Comment 0 for bug 1732990

Revision history for this message
Manoj Iyer (manjo) wrote :

[Impact]
Error records which have multiple errors in them will incorrectly report all errors after the first one. This results in garbage non-standard error trace events to be generated, and for AER and MC errors there will be no kernel action to help recover from these errors in the AER and EDAC drivers.

[Fix]
Patches in Linus tree fixes this issue:
aaf2c2fb0f51 ACPI / APEI: clear error status before acknowledging the error
c4335fdd3822 ACPI: APEI: fix the wrong iteration of generic error status block

[Testing]
Insert a e1000 pcie card into the system, run the following command that should generate PCIe correctable errors, you will see only the first error in each GHES report go to the AER driver rather than all errors from the GHES reports.
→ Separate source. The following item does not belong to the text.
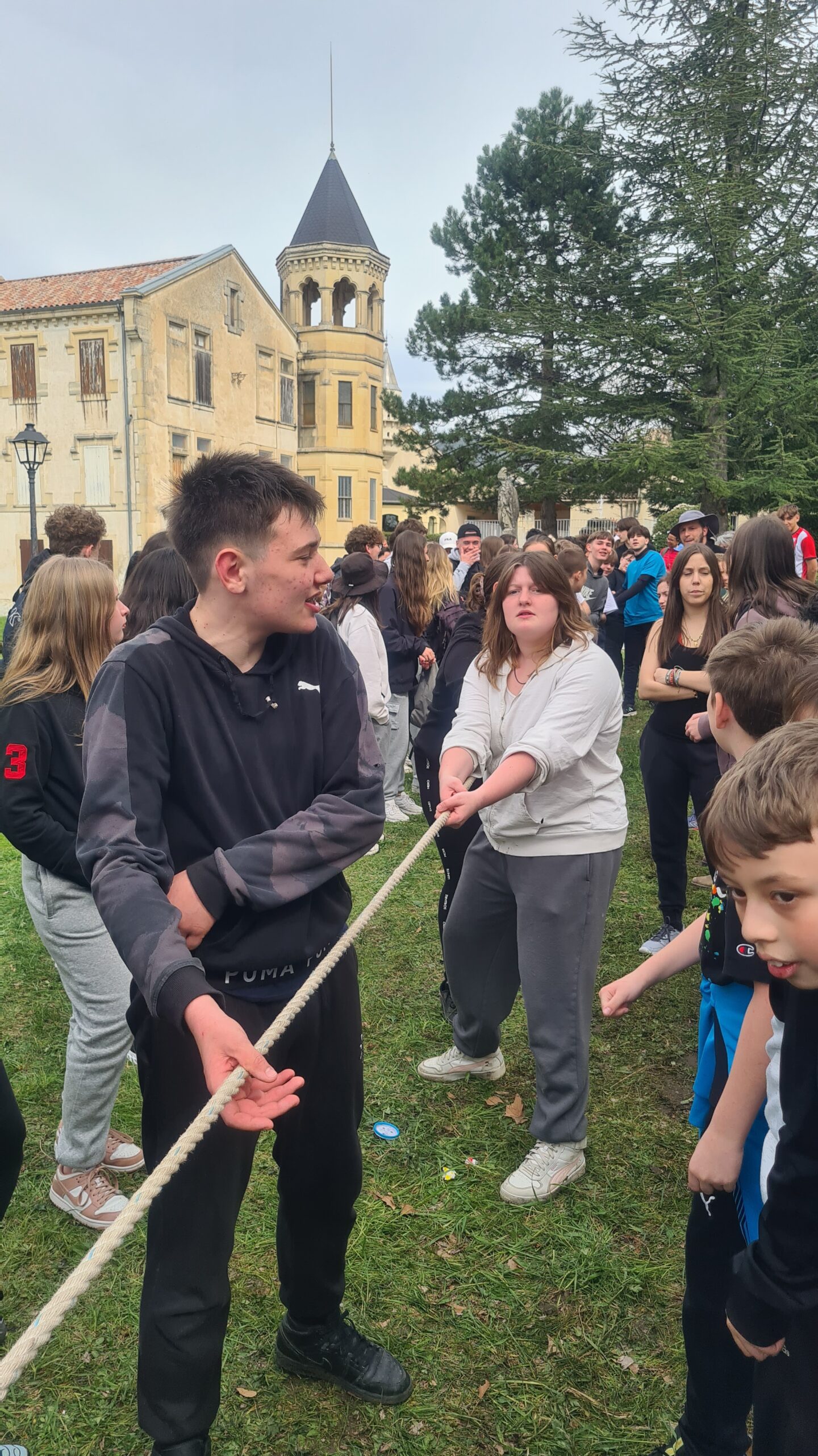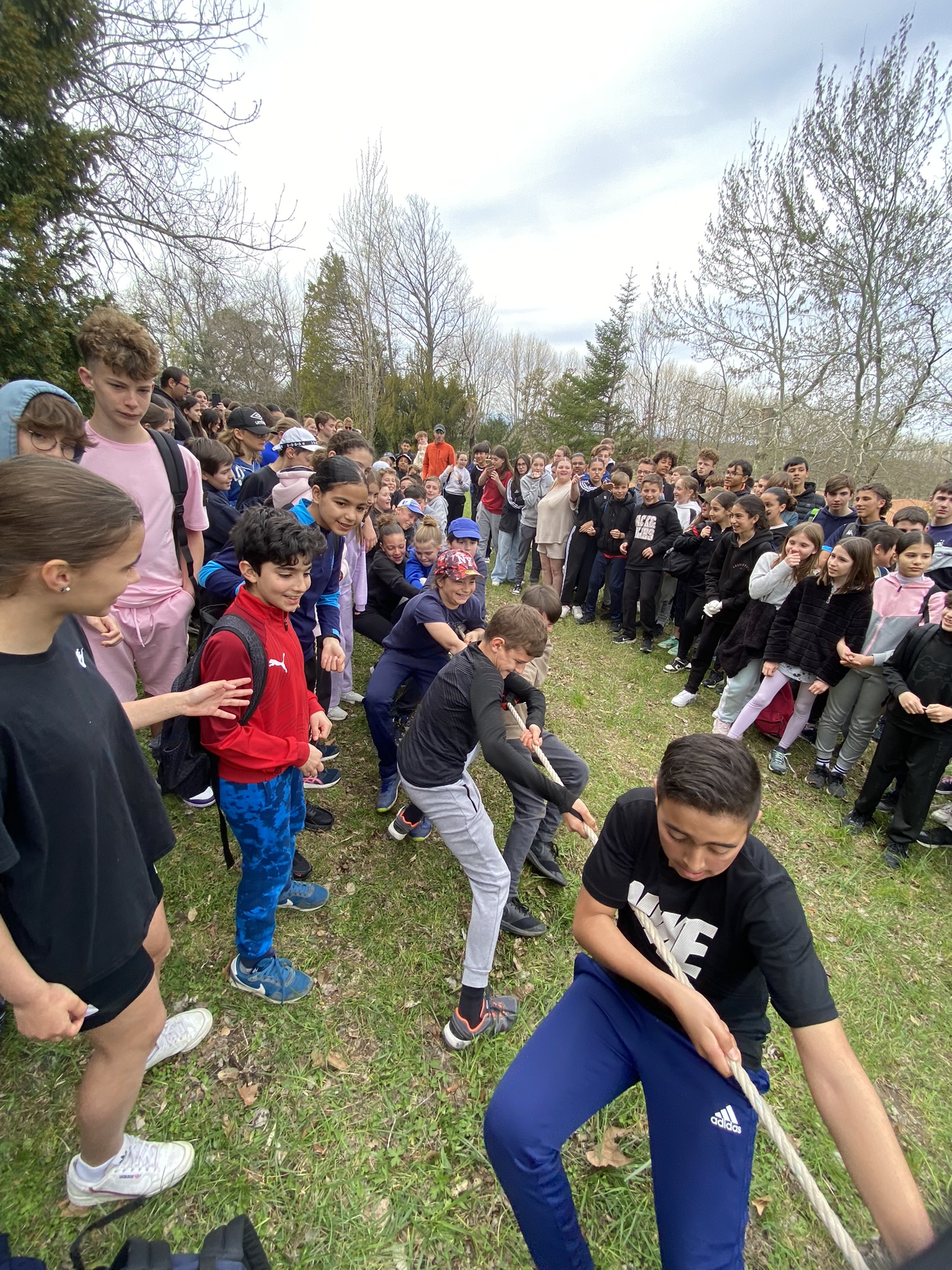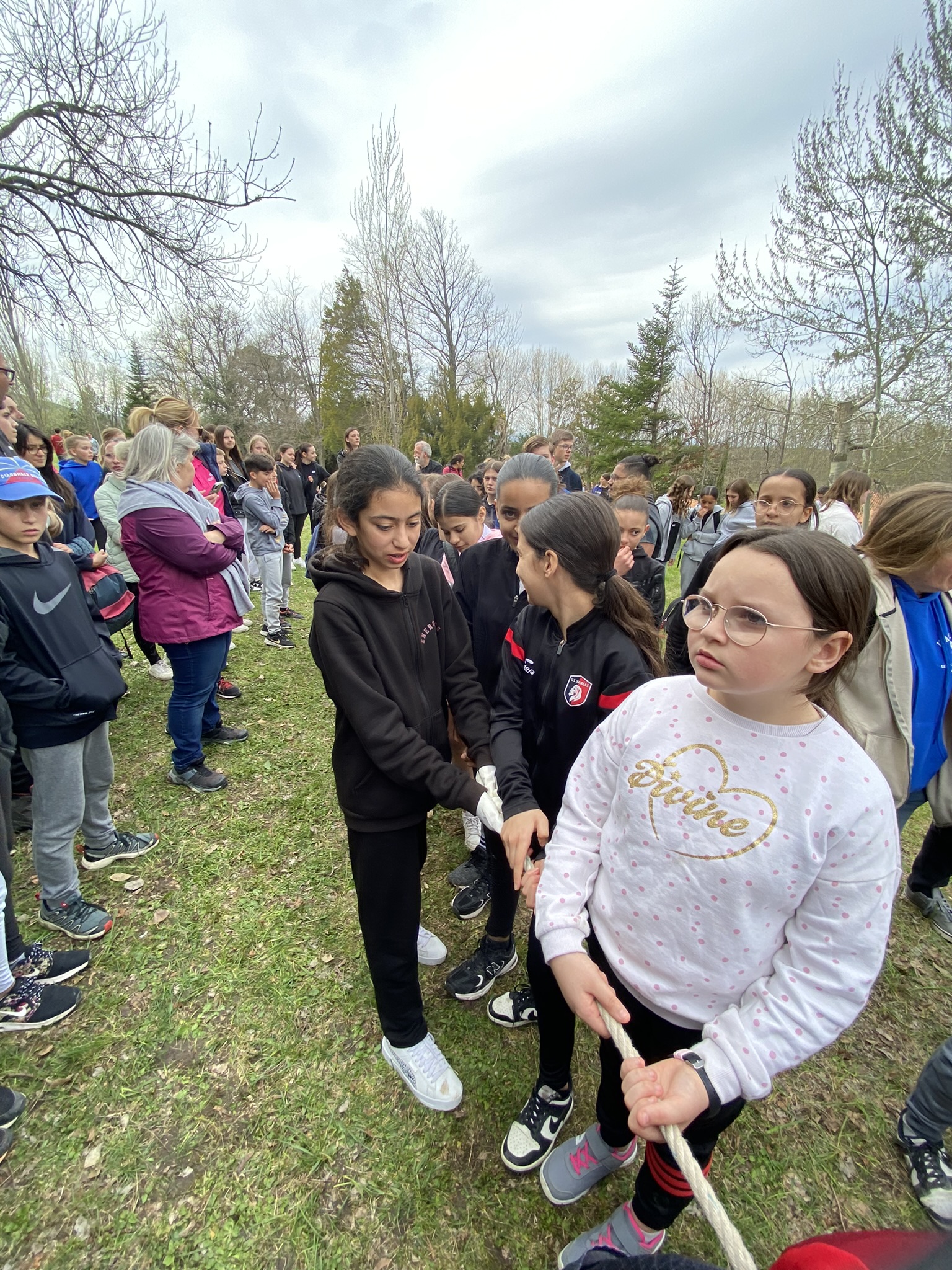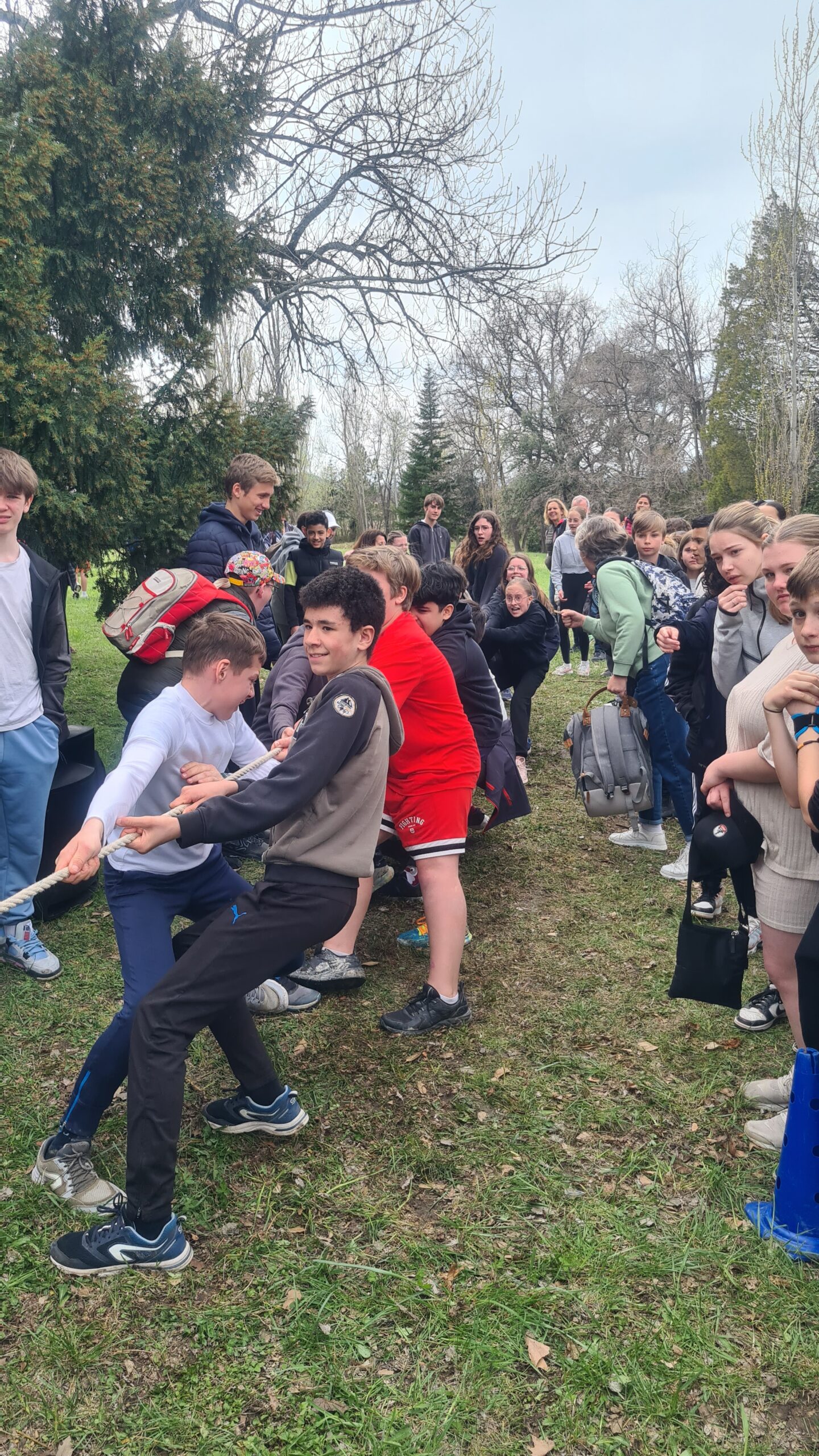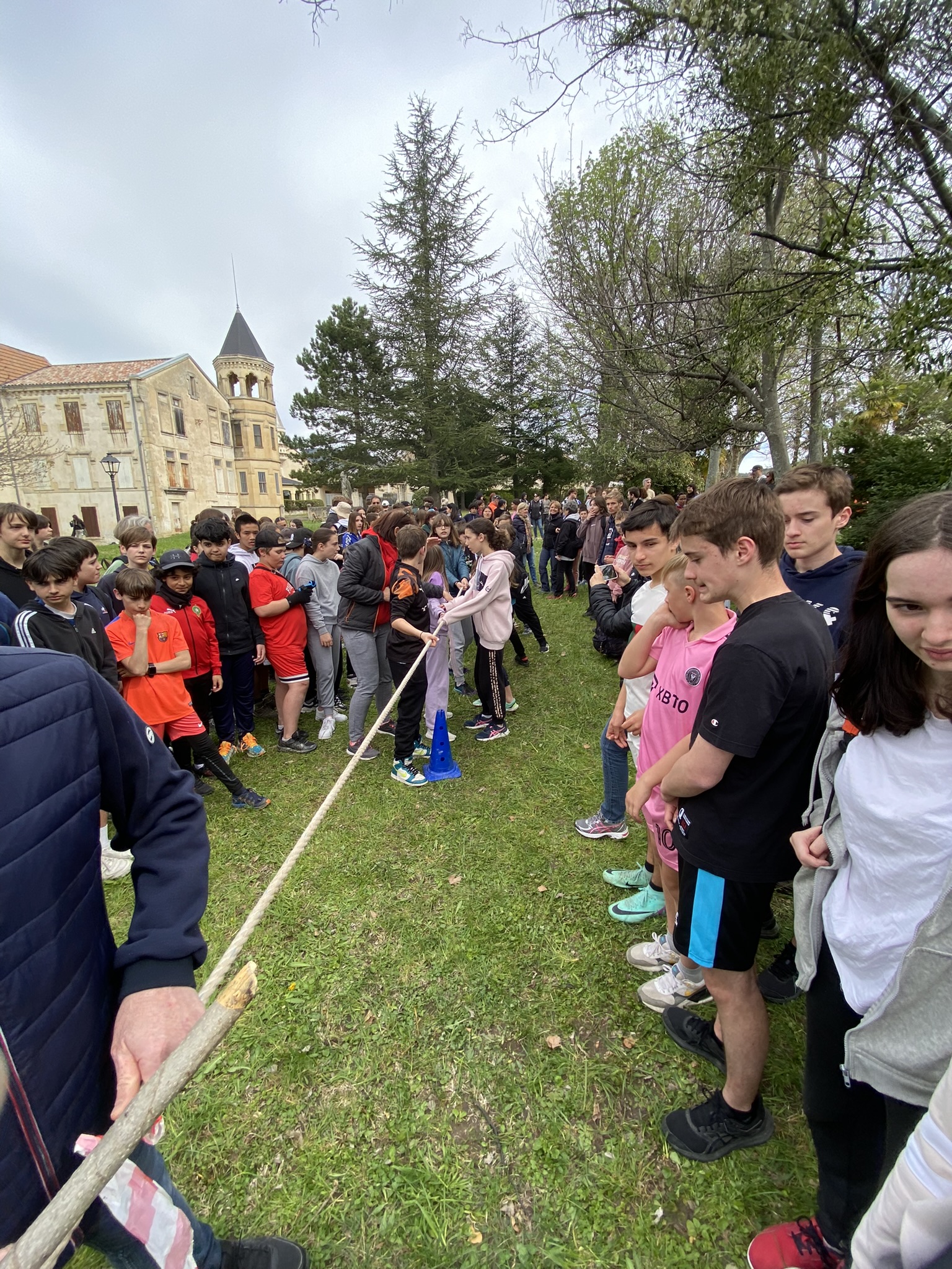 Malgré les nuages et un vent forcissant tout au long de la journée, le pique-nique dans les jardins fut un moment agréable suivi de la traditionnelle photo de l'ensemble scolaire (presque) au complet devant les marches du château. Le désormais attendu "tir à la corde" entre les classes (et contre les adultes) s'est déroulé sous la houlette de MM. Bassemon et Dermeghsian, encouragés par une foule en folie !

$ sudo setpci -s 0002:00:00.0 0x70c.l=0x00808000;sudo setpci -s 0002:00:00.0 CAP_EXP+0x10.B=0x4b;sleep 1;sudo setpci -s 0002:00:00.0 CAP_EXP+0x10.B=0x48

Where "0002:00:00.0" being the root hub for the card.

[Regression Potential]
The two patches to ACPI APEI driver was cleanly cherry picked from linus's tree and applied to Artful and Zesty. The patches were tested on QDF2400 platform where it was found to issue and don't introduce any regressions.